Denver polluted Adams County water provider with ‘forever chemicals,’ lawsuit alleges

South Adams County Water and Sanitation says it has spent “tens of millions” responding to Denver Fire Department pollution.
3 min. read
The Denver fire training facility in Adams County where these recruits are practicing putting out a vehicle fire is at the center of the lawsuit.
Hart Van Denburg/CPR News

Denver’s fire training facility at 5440 Roslyn St. has been dumping dangerous “forever chemicals” into the soil, surface water and groundwater, contaminating the South Adams County Water and Sanitation District’s water supply, according to a lawsuit filed in U.S. District  Court on Tuesday. 

The pollution — per- and polyfluoroalkyl substances, better known as PFAS — comes from foam products that firefighters and trainees use to put out fires at the training facility. 
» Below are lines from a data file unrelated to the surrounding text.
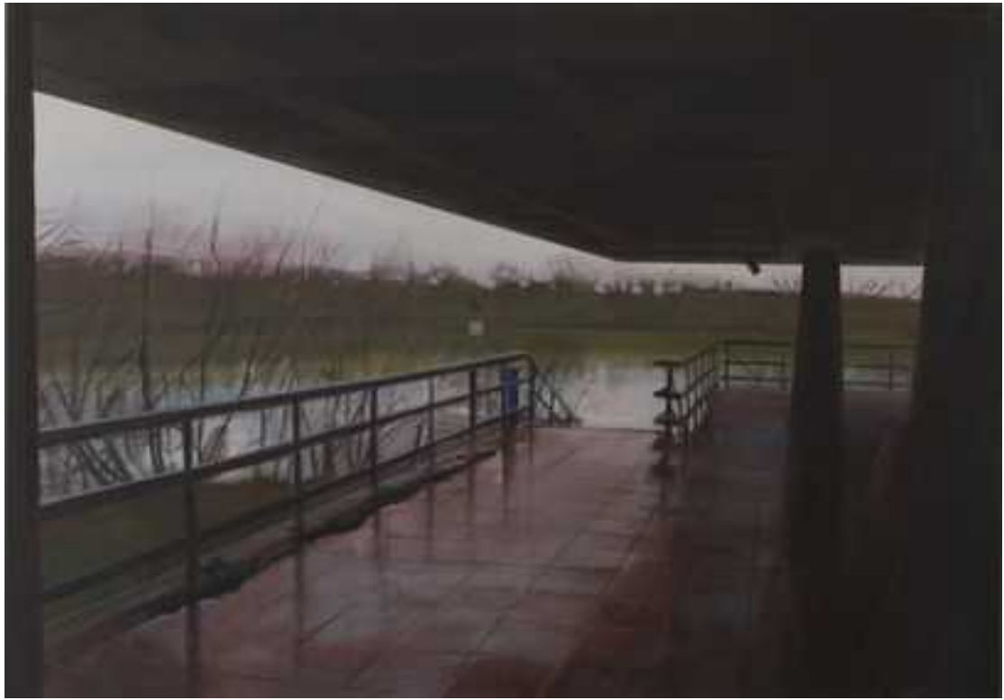
Szentendrei kikötő, 150x200cm, olaj, vászon, 2013.
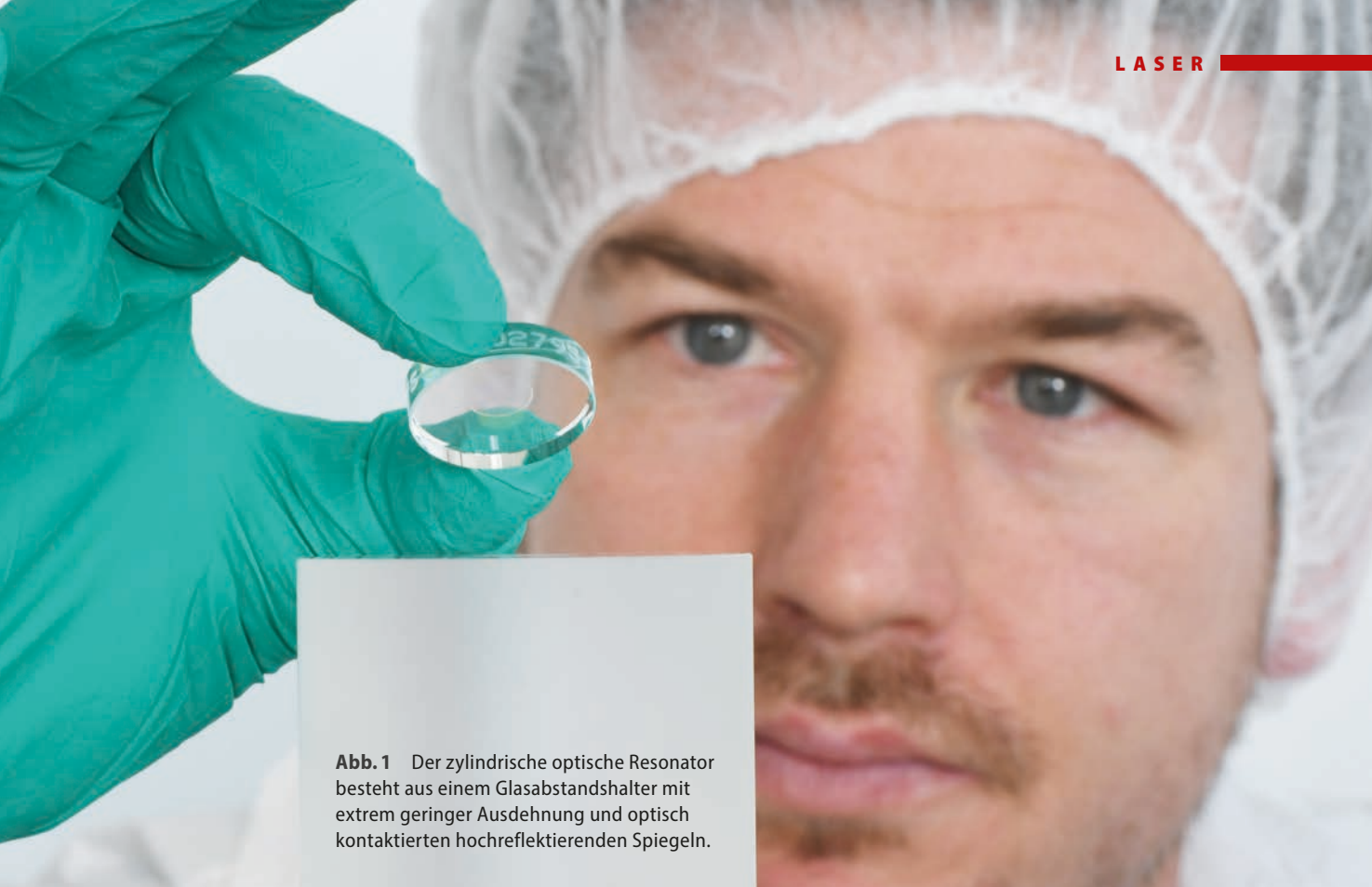
Abb. 1 Der zylindrische optische Resonator besteht aus einem Glasabstandshalter mit extrem geringer Ausdehnung und optisch kontaktierten hochreflektierenden Spiegeln.
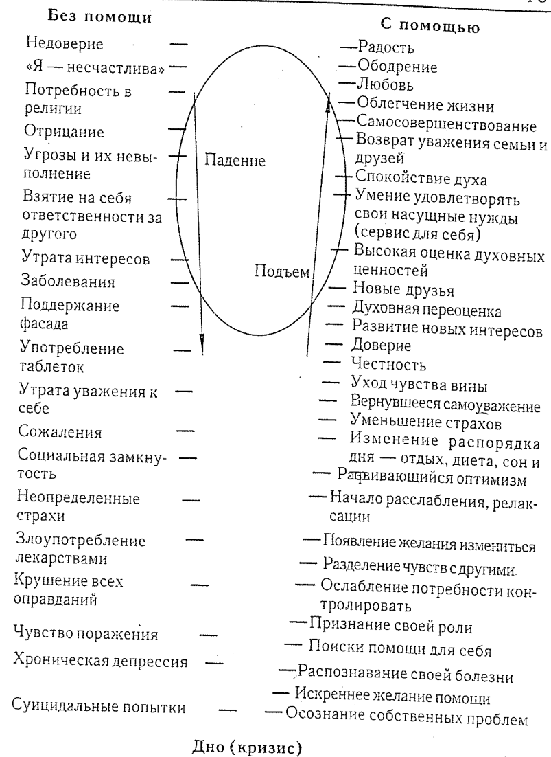
Рис. 2. Схема динамики созависимости.

Б. Поддерживайте хорошую физическую форму.

The Commerce City-based water district first discovered the chemicals in 2018, and the district has spent “tens of millions” to treat and import water, and to start construction on a new, $80 million water treatment plant. The water is safe for domestic use, according to the complaint — but at a high cost the district wants Denver to help pay. 

The district delivers more than 3 billion gallons to 75,000 people over 28 square miles in Adams County each year. The water comes from the alluvial aquifer tributary to the South Platte River and stems from 11 water supply wells and some other sources. 

The fire training facility is roughly a mile from one of those wells and dates back to at least 1991. Part of the facility is a burn house that the city lights on fire and then extinguishes with a foam that includes PFAS, the lawsuit states. 

The complaint alleges the department has failed to control the release of the foam and polluted the water.  Denver itself has found PFAS contamination at the site as recently as 2024. 

The contamination has forced the South Adams County district to buy more water from Denver Water to dilute the forever chemical contamination. It also has used granular activated carbon to treat water at the existing plant, raising costs.

Meanwhile, the district is building a new water treatment facility to treat PFAS. While the project will get state and federal funding, the district needs more money to complete it. The lawsuit seeks to force Denver to pay for the district’s past and future costs to respond to the contamination.

The district’s planned new treatment facility, the Klein Enhancement Project, will use ion exchange technology to treat the water. Building and operating that will be costly, with the district estimating the construction cost at $80 million. It received $61 million in federal grants and will sit just west of the Klein Water Treatment Facility at 7400 Quebec St. in Commerce City. Completion is expected to continue until late this year.

Denver’s City Attorney Office declined to comment on this story. Neither the Denver’s City Attorney’s Office nor the South Adams County Water and Sanitation District immediately responded to requests for comment.